● **WHAT THE TASK REQUIRES**
Every line from the one with "Comprar Cable de" through the end of the entries below should be written out exactly; the pictures should not.
<<<<
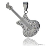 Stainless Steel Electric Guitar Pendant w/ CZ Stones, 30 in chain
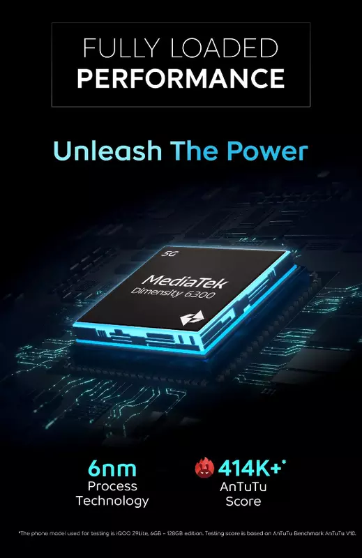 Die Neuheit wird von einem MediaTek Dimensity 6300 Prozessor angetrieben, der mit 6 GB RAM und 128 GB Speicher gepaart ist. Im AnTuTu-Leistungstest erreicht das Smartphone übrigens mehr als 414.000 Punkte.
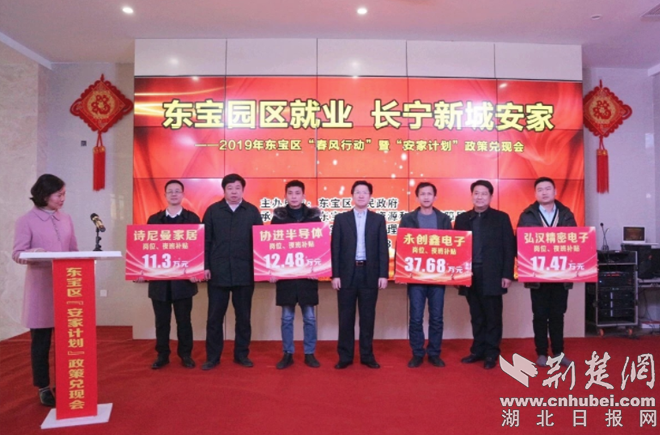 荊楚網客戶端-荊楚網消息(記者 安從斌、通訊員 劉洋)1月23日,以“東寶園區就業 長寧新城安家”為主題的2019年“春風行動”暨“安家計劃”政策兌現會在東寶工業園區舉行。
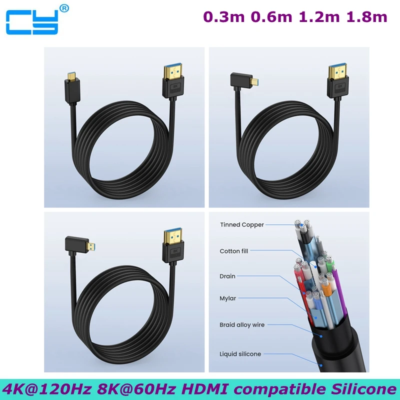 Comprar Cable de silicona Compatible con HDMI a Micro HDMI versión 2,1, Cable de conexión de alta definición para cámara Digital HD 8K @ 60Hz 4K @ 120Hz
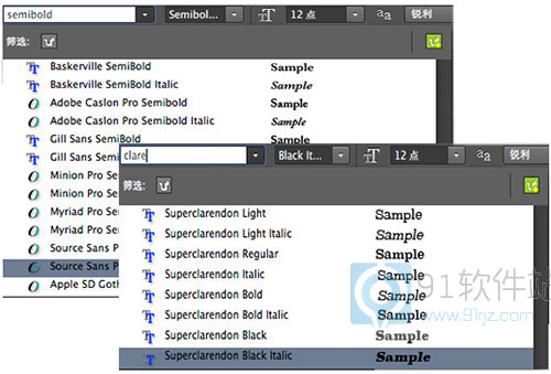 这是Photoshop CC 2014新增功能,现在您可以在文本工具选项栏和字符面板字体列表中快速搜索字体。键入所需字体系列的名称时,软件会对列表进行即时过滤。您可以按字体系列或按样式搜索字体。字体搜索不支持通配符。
>>>>
● **EXPECTED ANSWER**
 Comprar Cable de silicona Compatible con HDMI a Micro HDMI versión 2,1, Cable de conexión de alta definición para cámara Digital HD 8K @ 60Hz 4K @ 120Hz
 这是Photoshop CC 2014新增功能,现在您可以在文本工具选项栏和字符面板字体列表中快速搜索字体。键入所需字体系列的名称时,软件会对列表进行即时过滤。您可以按字体系列或按样式搜索字体。字体搜索不支持通配符。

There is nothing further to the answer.